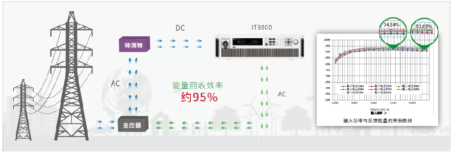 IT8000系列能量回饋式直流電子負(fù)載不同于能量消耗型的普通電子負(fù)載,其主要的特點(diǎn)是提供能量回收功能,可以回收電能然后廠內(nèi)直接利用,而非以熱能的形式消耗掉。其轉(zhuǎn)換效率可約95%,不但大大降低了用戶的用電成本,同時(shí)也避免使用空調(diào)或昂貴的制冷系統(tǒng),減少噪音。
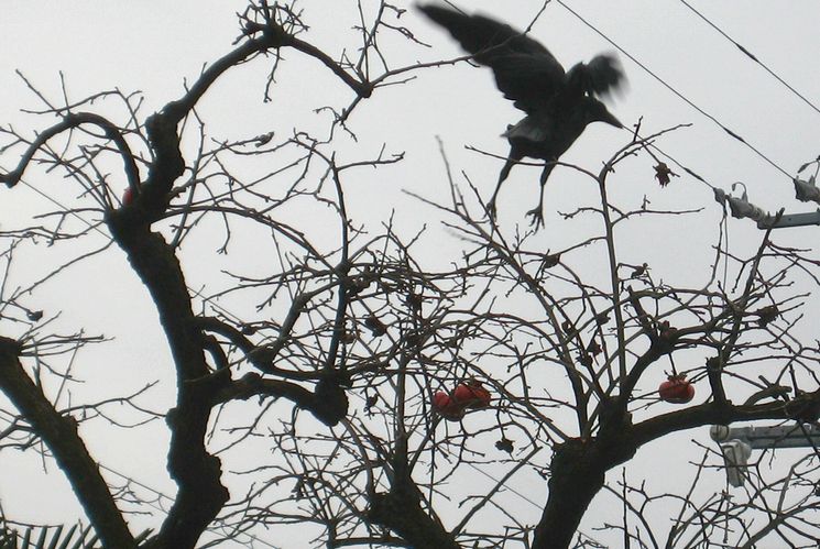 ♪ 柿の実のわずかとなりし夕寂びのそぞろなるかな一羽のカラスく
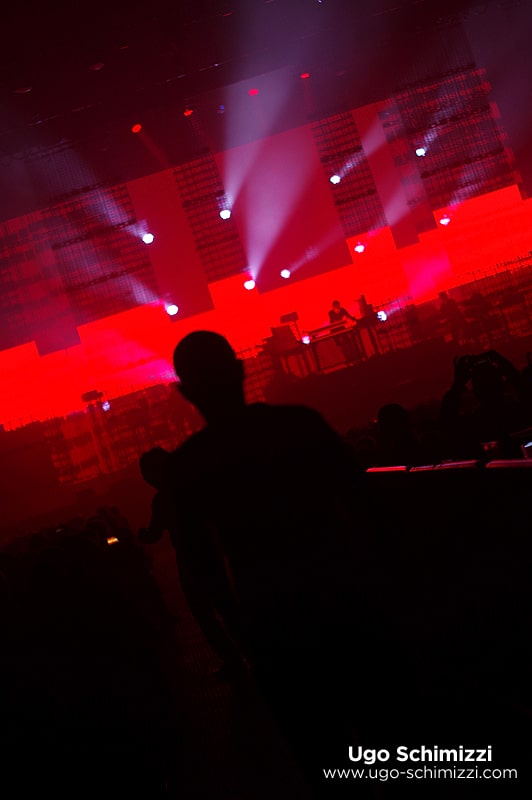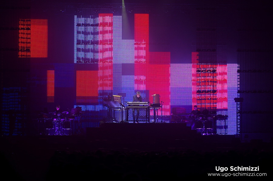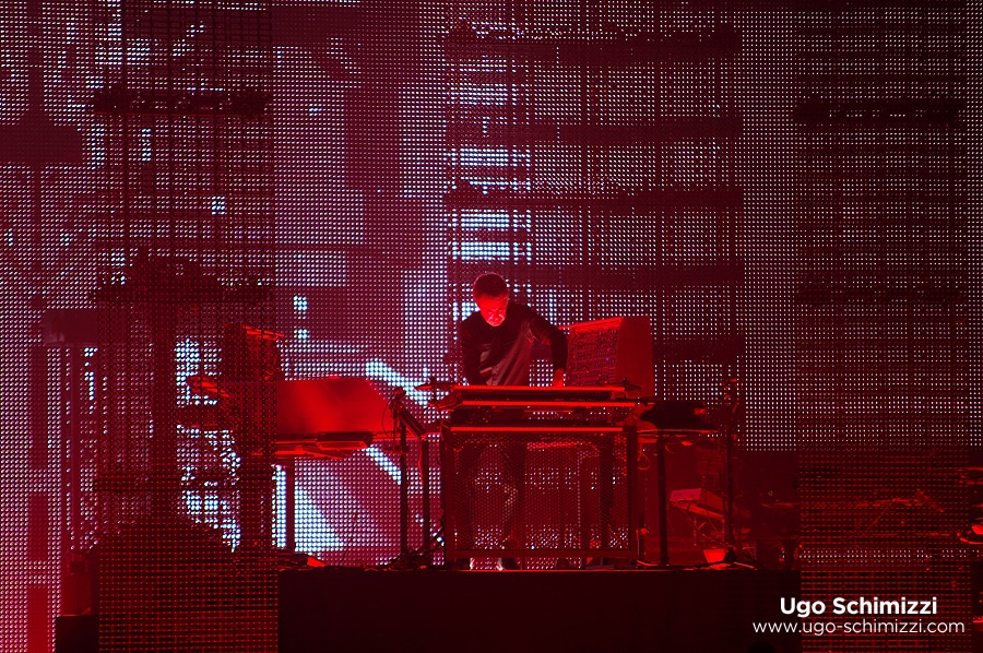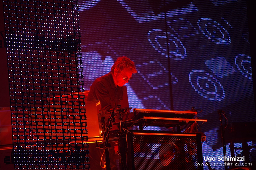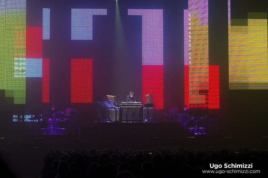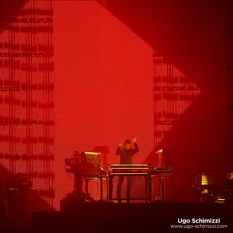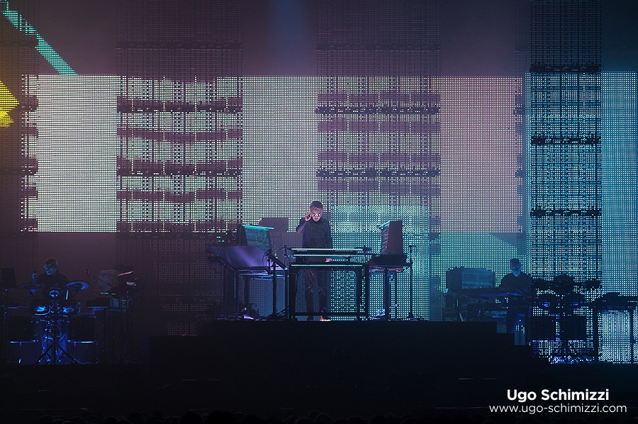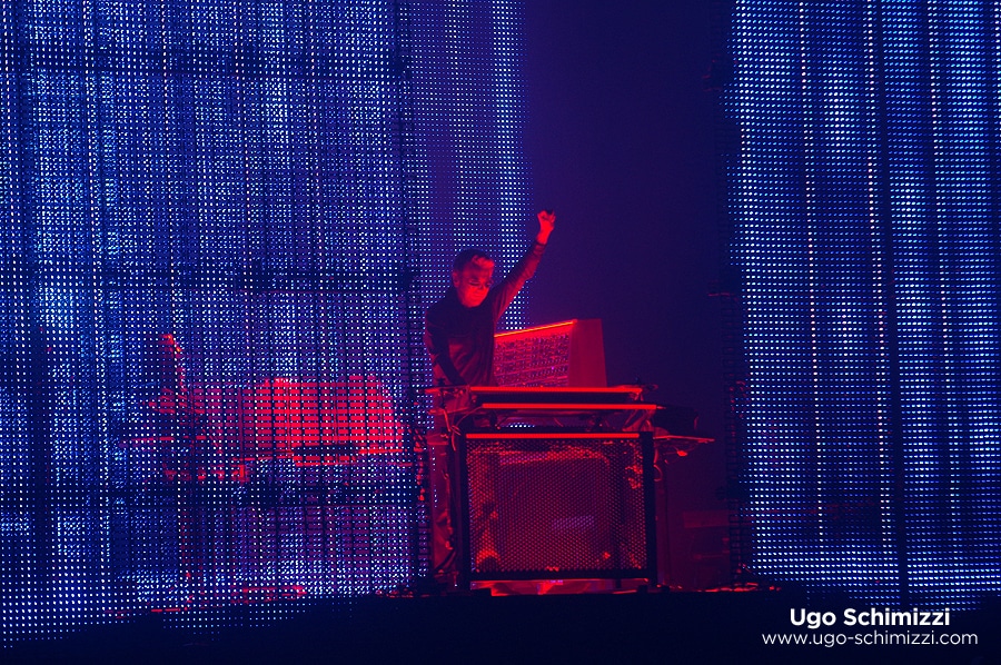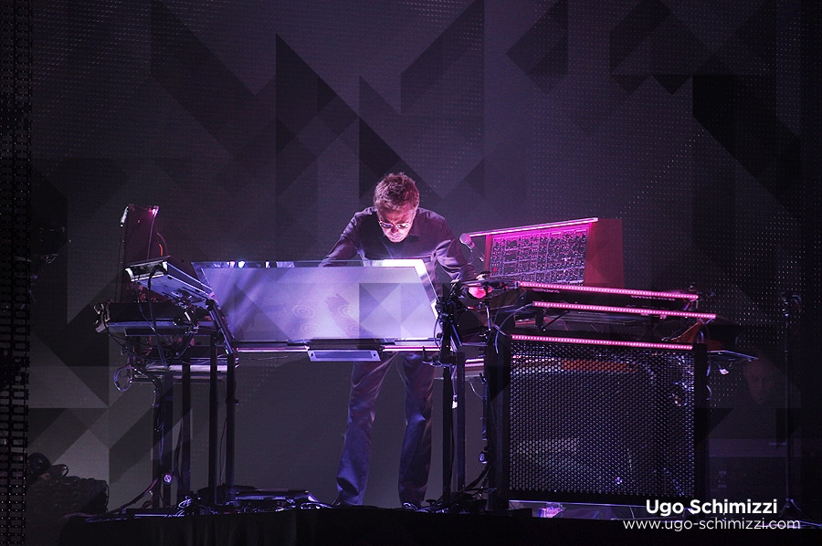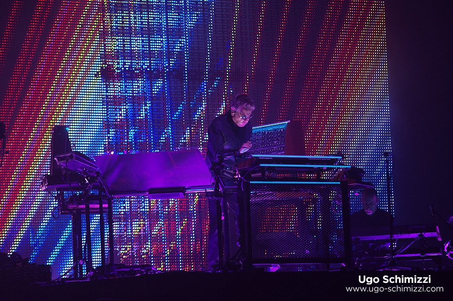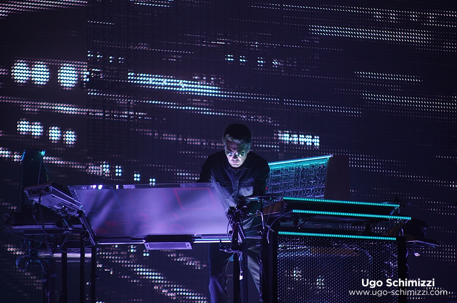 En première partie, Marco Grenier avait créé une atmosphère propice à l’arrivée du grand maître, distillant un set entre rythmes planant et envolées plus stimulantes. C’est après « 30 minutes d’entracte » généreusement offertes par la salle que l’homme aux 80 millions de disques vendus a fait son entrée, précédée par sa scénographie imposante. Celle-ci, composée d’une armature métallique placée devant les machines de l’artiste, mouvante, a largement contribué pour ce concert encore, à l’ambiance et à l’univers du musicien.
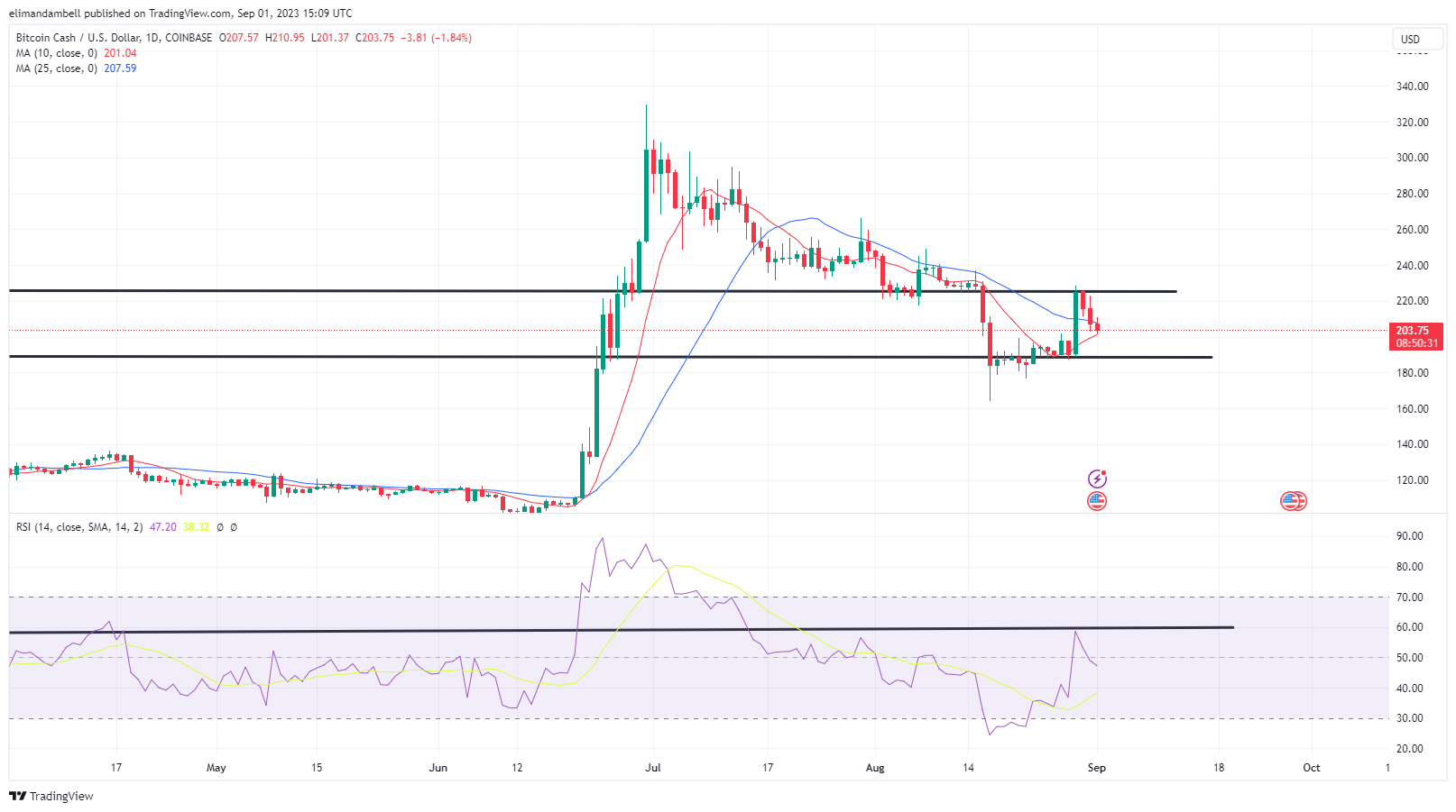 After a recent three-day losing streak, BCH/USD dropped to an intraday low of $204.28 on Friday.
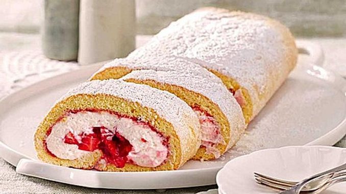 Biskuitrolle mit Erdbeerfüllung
----
Activity:
No pictures belong in the copy. Transcribe every entry exactly.

Result of the exercise:
 IT8000系列能量回饋式直流電子負(fù)載不同于能量消耗型的普通電子負(fù)載,其主要的特點(diǎn)是提供能量回收功能,可以回收電能然后廠內(nèi)直接利用,而非以熱能的形式消耗掉。其轉(zhuǎn)換效率可約95%,不但大大降低了用戶的用電成本,同時(shí)也避免使用空調(diào)或昂貴的制冷系統(tǒng),減少噪音。
 ♪ 柿の実のわずかとなりし夕寂びのそぞろなるかな一羽のカラスく
 En première partie, Marco Grenier avait créé une atmosphère propice à l’arrivée du grand maître, distillant un set entre rythmes planant et envolées plus stimulantes. C’est après « 30 minutes d’entracte » généreusement offertes par la salle que l’homme aux 80 millions de disques vendus a fait son entrée, précédée par sa scénographie imposante. Celle-ci, composée d’une armature métallique placée devant les machines de l’artiste, mouvante, a largement contribué pour ce concert encore, à l’ambiance et à l’univers du musicien.
 After a recent three-day losing streak, BCH/USD dropped to an intraday low of $204.28 on Friday.
 Biskuitrolle mit Erdbeerfüllung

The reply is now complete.